Some years ago, the National Centre for Early Music in York, situated in the converted church of St Margaret, ran a series of concerts under the heading ‘Late Music’, offering work by contemporary composers. At a performance of songs for solo voice and piano accompaniment, I was surprised and delighted to find there were several pieces setting verses by E H Visiak.

Visiak (1878-1972) was an early champion of David Lindsay (whom he befriended), the author of the fantastical seafaring romance Medusa (1929), and of other very strange fiction, and an eminent Milton scholar. But his early work was as a poet. He published five main volumes: Buccaneer Ballads (1910); Flints and Flashes (1911); The Phantom Ship (1912); The Battle Fiends (1916); and Brief Poems (1919).

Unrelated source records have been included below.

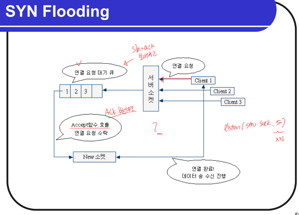 - 다만 아직 syn queue ( request queue )에 대한 설명이 이해가 안 갔다.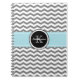 Modern and trendy monogrammed chevron stripes spiral notebook features grey and white chevron stripes and a light turquoise blue accent border with a round black accent frame outlined in black and white for your initial and name. Show your personality with this fun and trendy chevron stripe spiral notebook. Perfect for a journal, taking notes, work, school and home. Makes a great gift for all occasions. Click the "Customize it!" button to change the text size, text colour, font style and more! Please note: the pink accent horizontal ribbon stitch frame border is solid pink with a ribbon stitch appearance.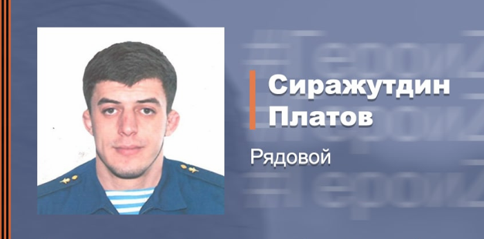 Мужество и высочайшее мастерство владения гранатометом рядового Сиражутдина Платова, прикрывшего отход российской колонны и уничтожившего огневую точку неонацистов, позволили сохранить жизни российким военнослужащим в ходе выполнения спецоперации по освобождению Донбасса и денацификации Украины. Об этом 18 сентября сообщила пресс-служба Минобороны РФ.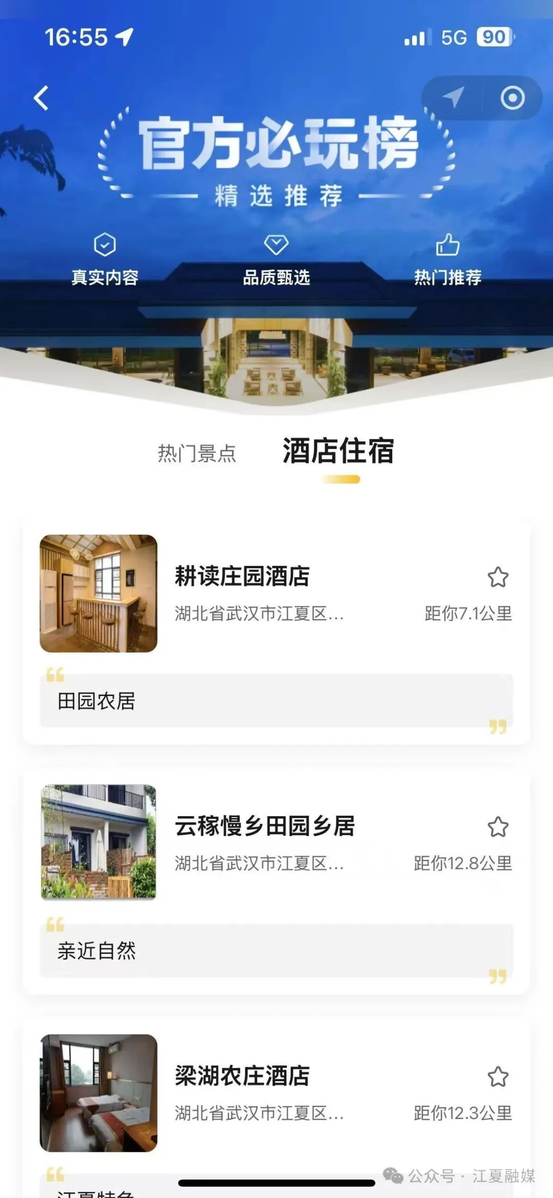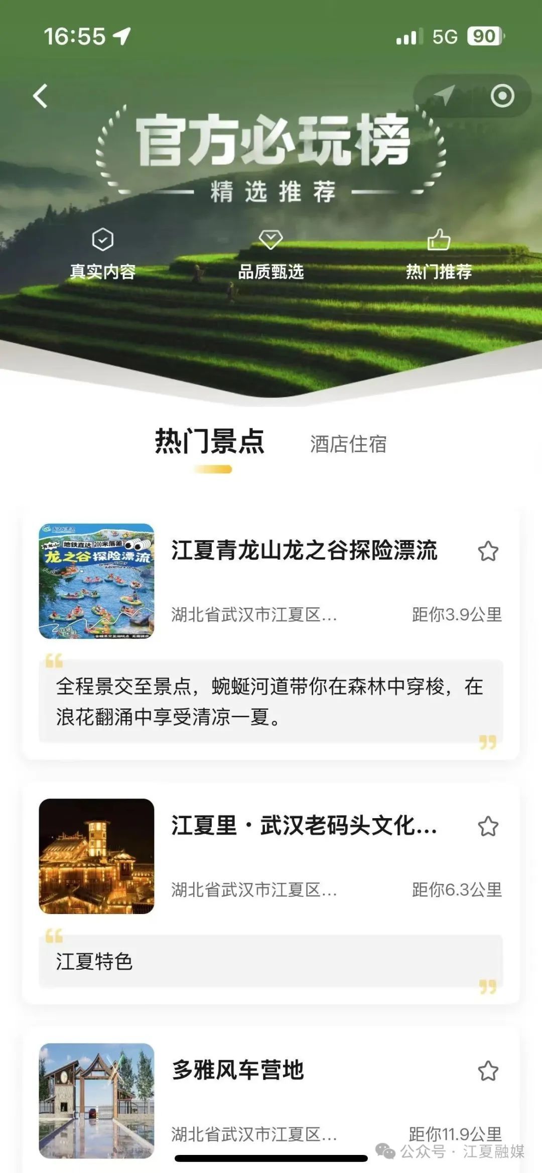 要是你想直奔熱門景點(diǎn),那“官方必玩榜”可一定得看,這里把江夏熱門景區(qū)、酒店住宿等項(xiàng)目一網(wǎng)打盡,輕松獲取各景點(diǎn)的詳細(xì)介紹,像八分山、梁子湖風(fēng)景區(qū)、小朱灣這些熱門景點(diǎn),除了精美的圖文介紹,還能一鍵導(dǎo)航,直接規(guī)劃好去景點(diǎn)的路,線真的太方便了!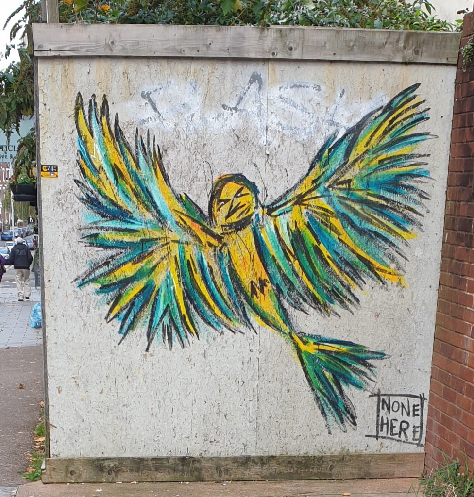 Steve McCraken has decorated the town liberally with these attractive birds. No idea why he uses the name ‘None Here’. And what a shame someone feels the need to spoil it with their own tag.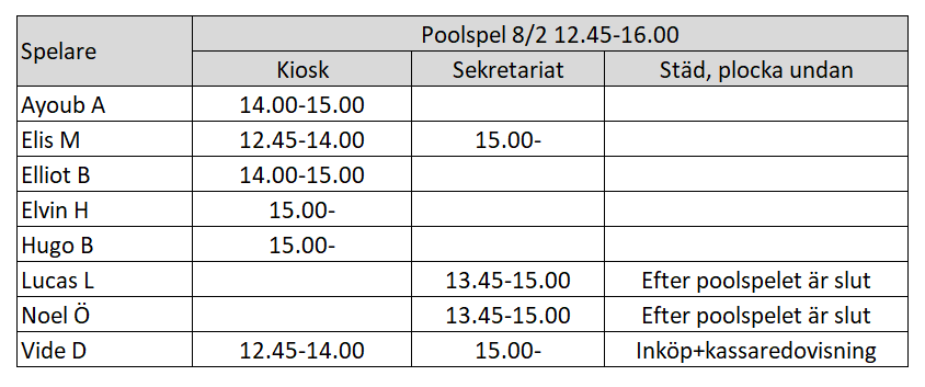 Dags igen! Här kommer schemat för helgens poolspel i Fagerhus. Alla föräldrar till barn som är med och spelar har uppdrag att sköta. Se till att vara där i tid så ni hinner få info om uppdraget. Lycka till!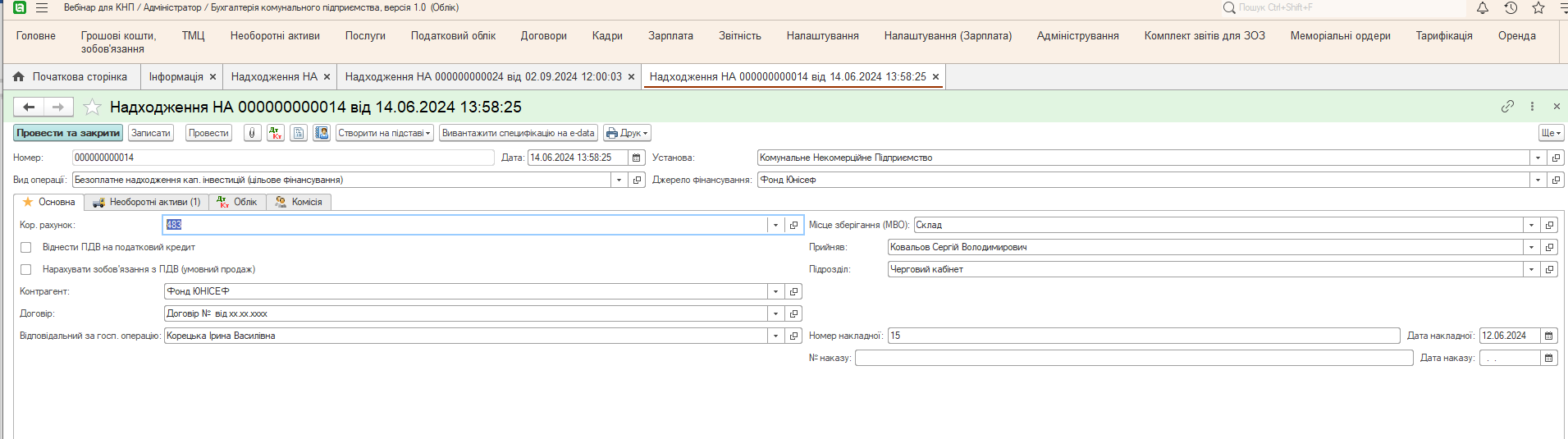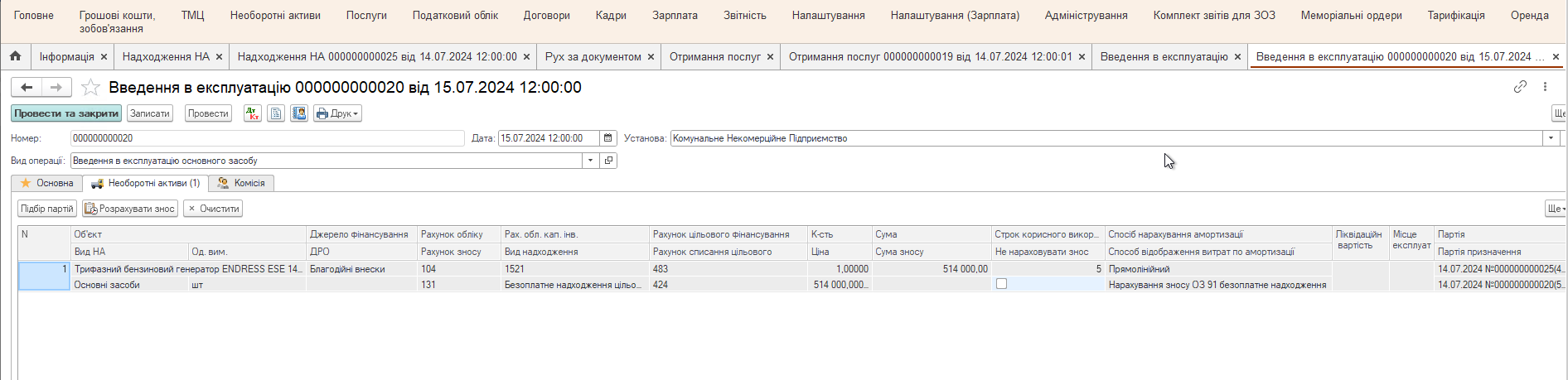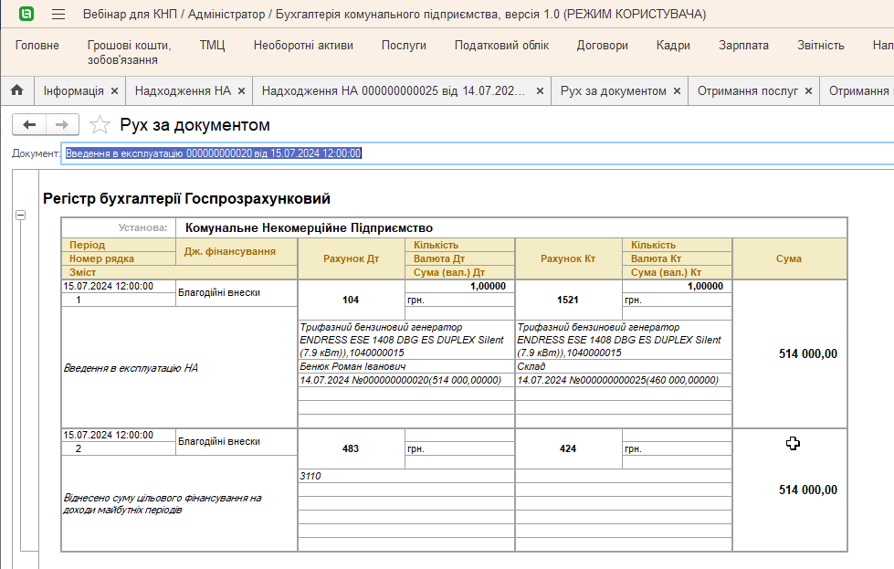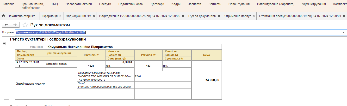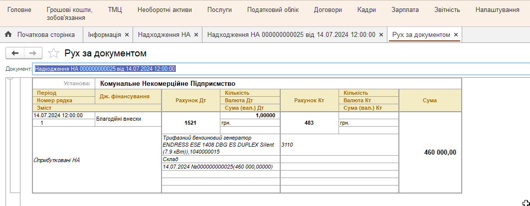 Рассмотрим пошагово, как автоматизировать учет на примере получения электроагрегатной установки в качестве благотворительной помощи.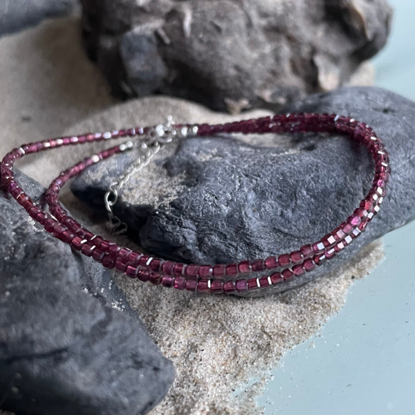 Feinste ca. 2 mm - winzig - zarte Granatperlen in Würfelform - in einer außergewöhnlich edlen Qualität - schmiegen sich sanft um deinen Hals. Die facettierten Edelsteine funkeln mit einer betörenden Intensität, die an sonnenverwöhnte Kirschen erinnert: ein lebendiger Mix aus tiefem Bordeauxrot, warmen Beerenakzenten und einem verführerischen kirschroten Unterton.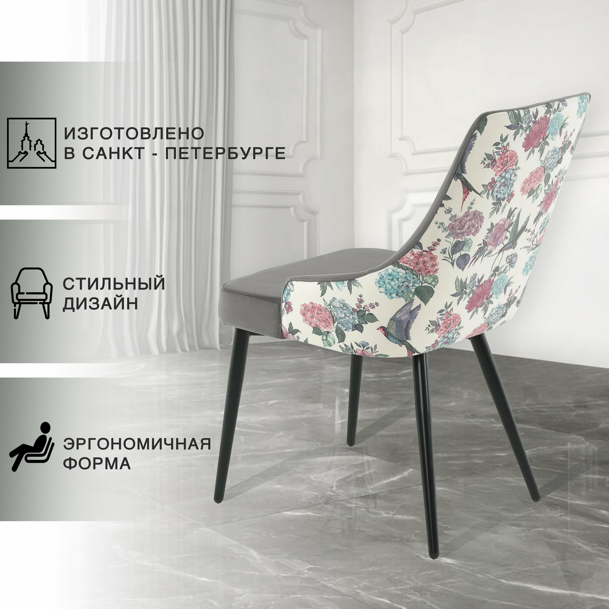 Характиристики этого товара не найдены!Отзывы на Кухонный стул с анатомической спинкой и мягким сиденьем, серый велюр с цветами
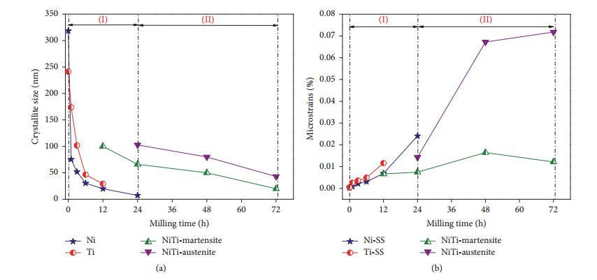 a:研磨時間越長,粒徑減少,內應力增加。在早期階段,晶體粒徑在24h達到7nm,Ni-ss和Ti-ss的12h時達到29nm。而且Ni-ss的大小比Ti-ss的要減少的快,可能是因為初始直徑Ni比Ti要小。在24h后,晶體大小不在因為研磨時間有大的變化,可能是因為機械能不足以使奧氏體和馬氏體發生形變。粒徑的減小可能是因為研磨破碎了部分粒子。增加的成核概率是因為更高的缺陷密度。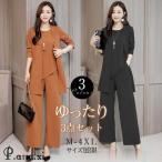 パンツセットアップ レディース 夏 秋 パンツスーツ 上下セット 3点セット ワイドパンツ ガウチョパンツ ブラウス カーディガン 無地 ゆったり 30代 40代 OL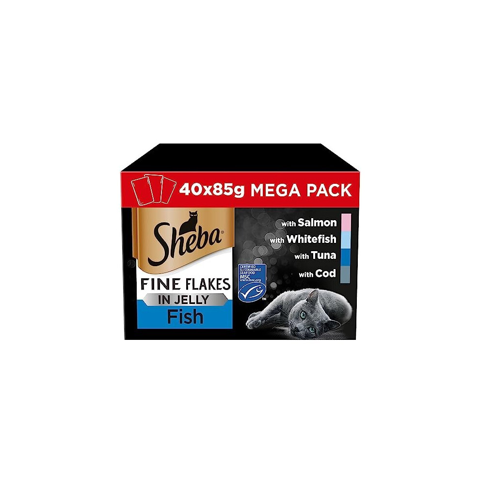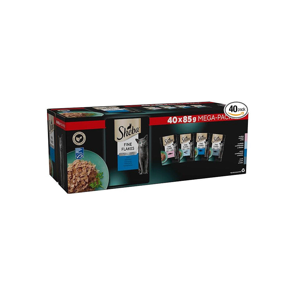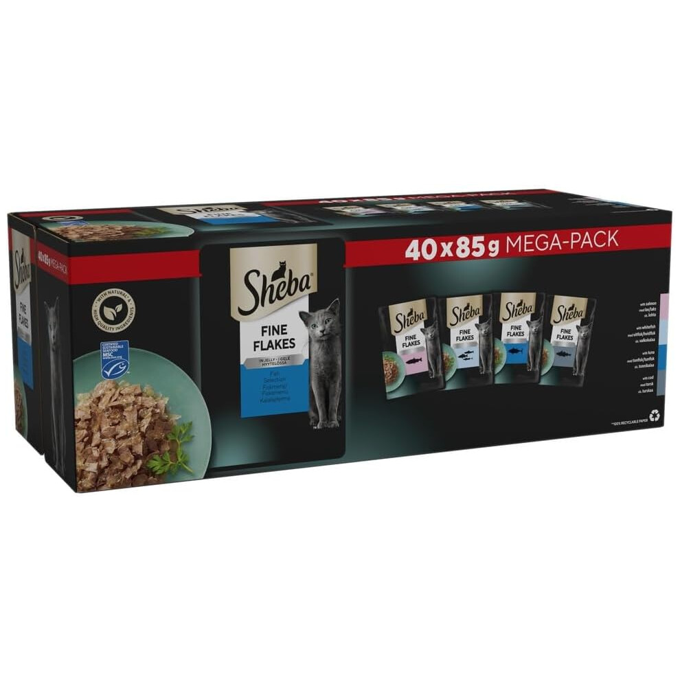 Sheba Fine Flakes in Jelly ? Fish Collection ? Wet Cat Food Pouches for Adult Cats ? (40 x 85 g)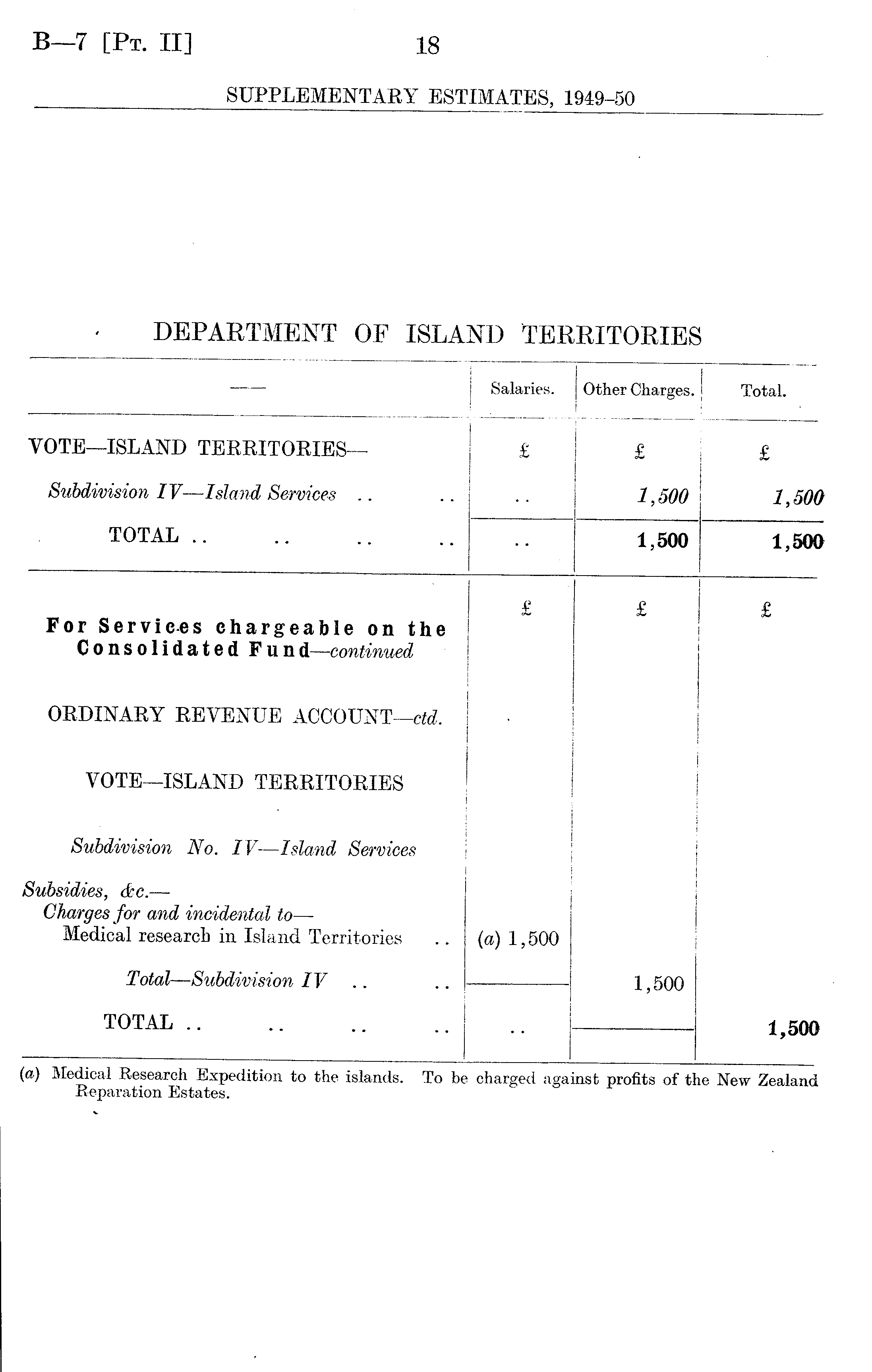 Salaries. Other Charges. J Total. VOTE—ISLAND TERRITORIES— £ £ £ Subdivision IV —Island Services 1,500 1,500 TOTAL .. 1,500 1,500 For Services chargeable on the Consolidated Fund—continued £ £ £ ORDINARY REVENUE ACCOUNT—ctd. VOTE—ISLAND TERRITORIES • ' Subdivision No. IV—Island Services Subsidies, &c. — Charges for and incidental to— Medical research in Island Territories (a) 1,500 Total—Subdivision IV TOTAL .. 1,500 1,500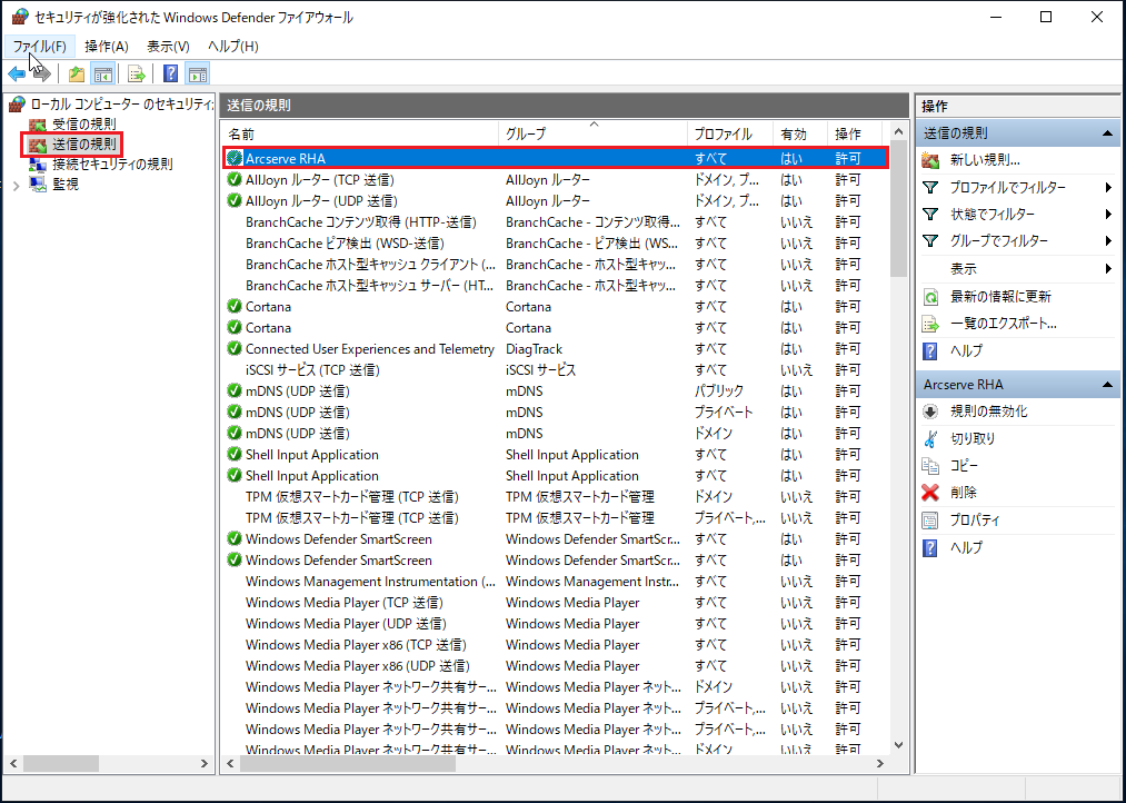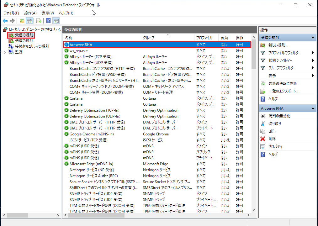 プライマリサイトのマスターサーバと同様に、Windowsファイヤーウォールにて、「受信の規則」と「送信の規則」で「ファイルとプリンターの共有(エコー要求 - ICMPv4受信)」とArcserve Replication and High Availabilityのレプリケーション用の25000番ポート通信許可設定をしてください。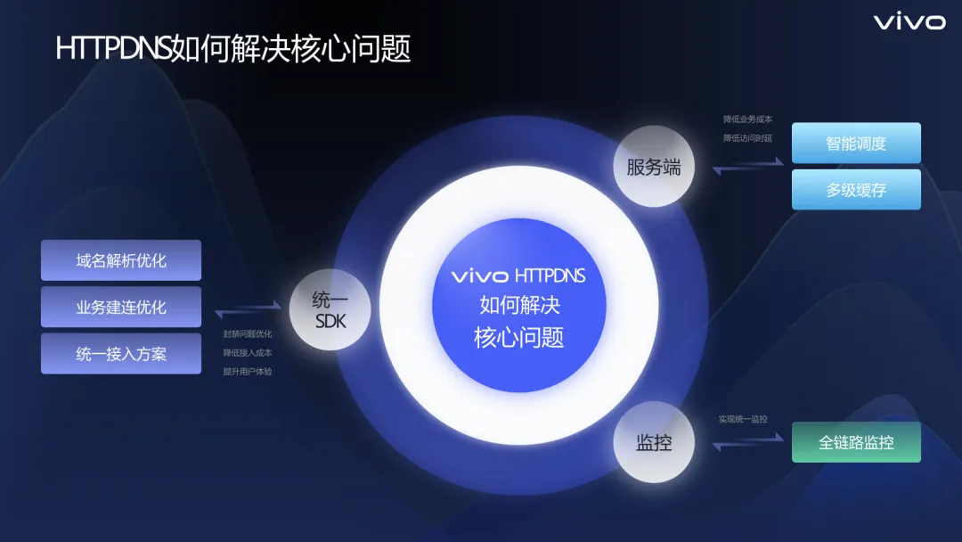 一是 HTTPDNS 作为备用 DNS 的情况下无法解决域名误封禁的问题;二是各业务没有统一的接入方案,接入的成本比较高;三是客户端的网络框架不统一,业务适配比较困难;四是行业商业化 HTTPDNS 的成本比较高,业务无法大范围使用;五是缺乏统一的用户全链路监控,无法实时监控端侧 DNS 解析情况。为了解决以上落地过程中的难题,我们需要建设 vivo HTTPDNS 端到端的一体化解决方案。1.2 HTTPDNS 如何解决核心问题建设一套 HTTPDNS 一体化解决方案,解决以上核心问题,助力业务的发展;我们主要从以下几个方面切入:

The composer of the pieces I had heard was David Power, also a notable Lindsay scholar, and I am pleased to report that a selection of his work has now been issued on the Prima Facie label, entitled 29 Songs, 1985-2016, performed by Robert Rice (baritone) and William Vann (piano). They include not only five pieces based on Visiak poems, but others setting work by Walter de la Mare, Robert Louis Stevenson and Ronald Duncan.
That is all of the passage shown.